いつもの雰囲気とは打って変わり、上品な色気を感じる。
「ど、どうかな?」
恥じらうように尋ねてくる。
「似合っているよ、綺麗だ」
「なっ……!?ちょ、ちょっとお花摘みに行ってくるっ!」
顔を真っ赤にして走り去っていった。
「あーあー、お姉ちゃんったら初心なんだから。
あ、ロイさんロイさん、私の浴衣はどうですか?」
レウィシアさんは薄桃色の地に、花火のような花があしらわれた浴衣を身に着けていた。
後に聞いたところによると恋花火と呼ばれることもある品種らしい。
「似合ってるよ、可愛い系だね、レウィシアさんみたいだ」
ストレートに答えられたからだろうか。
レウィシアさんもちょっと顔を赤らめた。
「ちょっ、ストレートに言われると照れるね……
今回は私の負けだね、お姉ちゃんの様子を見てくるね」
レウィシアさんも走っていった。
三人とも本当に違う魅力を持っている。
……羨ましそうな視線は見なかったことにしよう。
一人、空に挙がる花火を見上げるのだった。
カトレアは遠くからロイのことを見ていた。
私はもう、ロイにとってただ一人の特別ではなくなっていた。
三人もの美少女が話しかけていた。
聞いた話によるとこの森で一緒に暮らしているらしい。
「私はどうしたら……」
いたたまれなくて声をかけられないでいた。
耳は畳まれ、尻尾は力なく垂れ下がっている。
誰が見ても感情が伝わるだろう。
それを見かねた少女が一人、ロイへ近づいていった。
「あのすみません、あなたがロイさんですか?」
妹のシランだ。
「はい、俺がロイですが、何か用ですか?」
「わたし、カトレアの妹のシランと申します。
姉がお世話になっております」
シランが自己紹介をする。
「あ、カトレアの妹さんですか、こちらこそお世話になってます」
挨拶を済ませると二人で何やら話し始める。
「母親は元気になった?」
「はい、ロイさんのポーションのおかげで病気が治って、すっかり元気になりましたよ」
「それは良かった、間に合ったんだな」
「それでですね、帰ってきてからというもの、ロイさんのことばっかり話すんですよ」
「それは恥ずかしいな、一体どういう話をするんだ?」
「もう惚気というかロイさんの好きなところとか、素敵なところとか、もう色々と」
話題の雲行きが怪しくなってきた。
「そ、そうなのか……」
「そうですよ、あれからお姉ちゃん、化粧を勉強し始めたり、服装にもこだわるようになったり……」
もう耐えられなくなって走り出していた。
「シラン!」
「あ、お姉ちゃんようやく出てきた」
「カトレアっ!?」
三者三様の反応を見せる。
「ロイ……その、助けてくれてありがとう」
ようやくその一言が言えた。
「助けることができて良かった。
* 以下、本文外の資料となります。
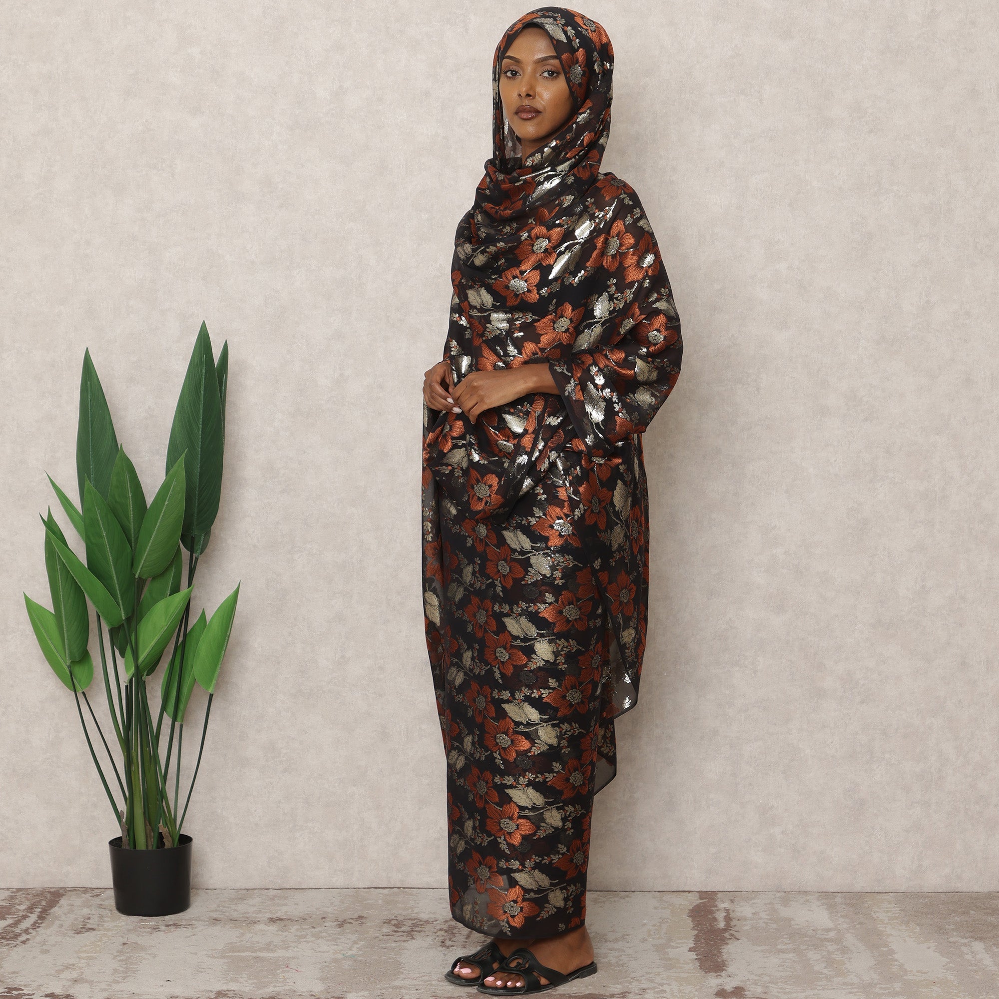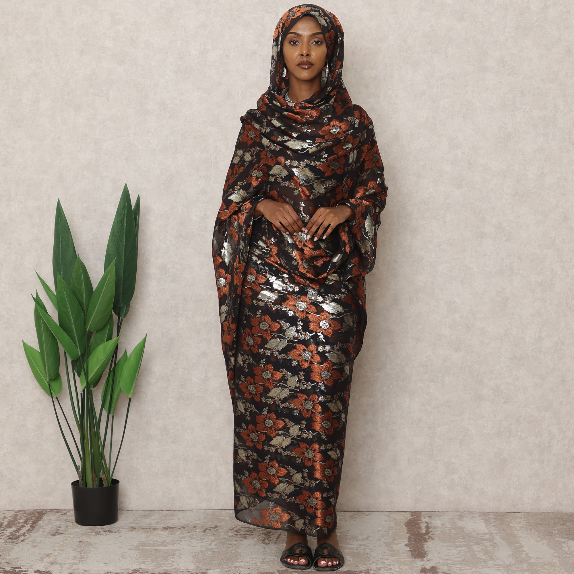 ثوب سوداني تقليدي أسود، مصنوع من قماش شيفون حرير نقي بطول 4.5 متر وقماش لوركس معدني مزهر، عرض 140 سم، صنع في كوريا الجنوبية - D24496

無事でよかったよ」
ロイが微笑みかける。
前は何も考えずに話せたのに。
今は一言ごとに胸が苦しくなる。
「その……カトレア、浴衣似合ってる、魅力的だよ」
ロイが褒めてくれた。
紺色に蘭の模様が入った浴衣を着ている。
私の名前であるカトレアの花。
嬉しさでどうにかなってしまいそうだ。
尻尾が左右に揺れる。
ロイは変わった。
初めて会った頃よりずっと。
だから私も。
「なあロイ、一緒に花火見ないか?」
「いいよ、ちょうど一人だったし」
シランは既にいなくなっていた。
二人で花火を見る。
無意識に私はロイに肩を寄せていた。
花火は綺麗だった。
ふとロイの顔を見ると、花火よりもずっと遠くを見ているのに気付いた。
傍から見れば普段と変わらないように見える。
ただ何か思い詰めているような、そんな感じがした。
今はまだ聞かない方が良いだろう。
私はただロイの手の上に自分の手を重ねた。